At this point, what I typically hear is, “OK, maybe I’ll show my estimates with and without these time-varying controls.” This may be a reasonable publication strategy given that some reviewers and journal editors also don’t understand the perils of controlling for potentially endogenous variables. It’s still wrong, however, because there’s no theoretical reason why your estimated “treatment effect” should be the same regardless of what you put on the right-hand side of the equation. At best—if the estimated coefficient doesn’t change much—you may conclude that those variables aren’t endogenous or at least not “that” endogenous. But then you’ll be perpetuating the myth that treatment effect estimates should be robust to time-varying controls.

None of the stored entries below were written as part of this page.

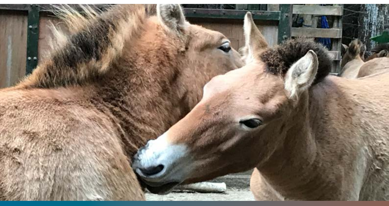
Brought to you by The MiMer Centre and Touching Wild

During the week we will visit the Highland Wildlife Park where you will have the chance to learn about the Mongolian wild horses who live there (aka Takhi or Preswalski). This will include meeting these rare and endangered equines and their keepers. There will also be the opportunity to watch the horses being worked with and learn about the concepts behind how and why they are handled. You will also hear lots of information about the breed, their history and their lives in Mongolia. There will be some free time to explore the rest of the park.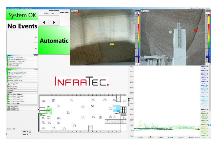
Fig. 3: Everything in view – the FIRE-SCAN user interface

In addition to automated continuous monitoring, the associated software also allows manual interactions the operating personnel. The surface temperatures measured by the cameras ensure constant quality monitoring of the pellets, as the FIRE-SCAN software monitors another threshold temperature in addition to the threshold values for early fire detection. This allows conclusions to be drawn about the moisture content of the pellets. Thus, the crane operator can actively ensure that the drying process runs smoothly. If the system detects a heat nest at up to 40 °C, the pellets are rearranged by the crane system. At 60 °C, they are removed from storage and, in the event of a fire, extinguished with quartz sand if necessary.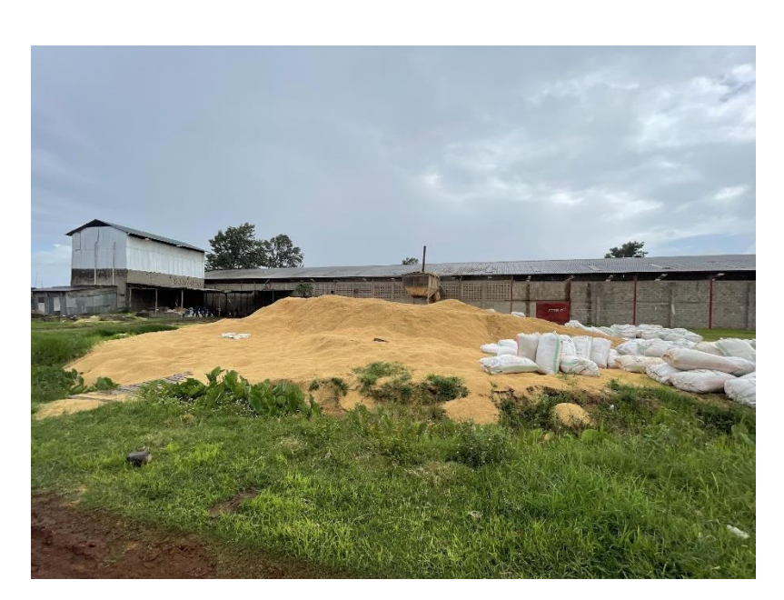
Image 6A: Rice husk hill as a by-product from milling at Mwea Rice Growers Multipurpose Coop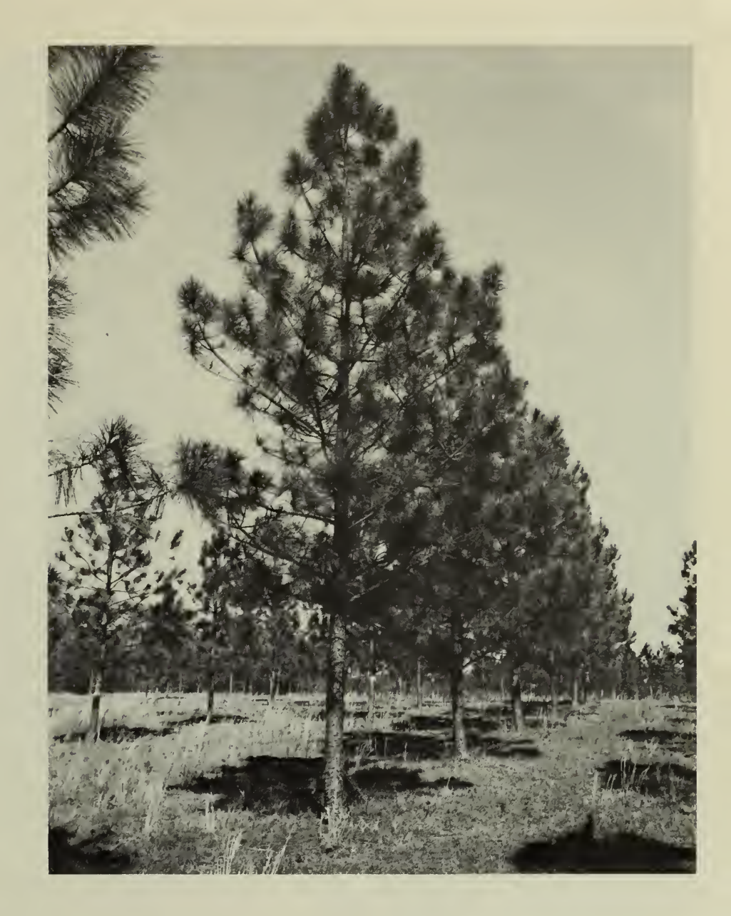
FIGURE 1 Rust resistance slash pine clone bank in Houston County, Georgia

is, the scions of the selected trees are grafted onto root-stocks of nursery seedlings to form the seed-producing trees. In addition to this standard approach, we used the seedling seed orchard technique (7). The basic concept is to plant seedlings from either open or controlled pollinations of the best pine families. We planted them at a 15- by 5-foot spacing, much closer than the standard 30by 30-feet in the grafted orchard. Since the trees are planted so close together, thinning must be ruthless to reach a final spacing of approzimately 30' x 30'. In our seedling seed orchard, 9 of every 10 trees will eventually be removed. We will leave as final crop trees only the very best of each tamily, in terms of rust resistance, and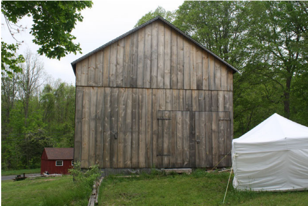
9. South view of Tobacco shed, camera facing north. Workshop is at left rear.

However, it’s also possible that including time-varying controls does change your treatment effect estimate. This brings us to the second reason not to include time-varying controls: you could reach the wrong conclusion about whatever it is that you’re trying to study.
Let’s take a simple hypothetical example. Suppose you are studying the rollout of a program that created more green spaces in neighborhoods of a huge city. The variation is fantastic: the city didn’t have the capacity to create all the green spaces at once, so they randomized which neighborhoods got the parks first. You want to see what these green spaces are worth, so you obtain data on housing values in each neighborhood. You estimate a simple diff-in-diff, and the treatment effect looks large: parks are worth a lot.
But then you decide to also control for neighborhood population and median income. Maybe you even realize that they could have changed as a result of the park program, but you think you’re getting a “cleaner” value of parks by controlling for them. And then your treatment effects shrinks by, let’s say, 75%.
Obviously, the story here is that the park changed the neighborhood composition. Let’s pretend none of the moves were within-city to set aside issues of spillovers and SUTVA violations (which would make the story more complicated but would not change the takeaway as far as potentially endogenous controls go). Why wouldn’t we want our valuation estimates to reflect the neighborhood composition channel? It’s absolutely part of the average treatment effect and trying to shut down that channel is going to produce misleading conclusions about what parks are actually worth. And if you’re thinking, “Well, at least this is going to give me the treatment effect holding income and population constant,” that’s only true under specific functional form assumptions. So you’re not getting anything that’s easily interpretable when you’re controlling for these time-varying variables.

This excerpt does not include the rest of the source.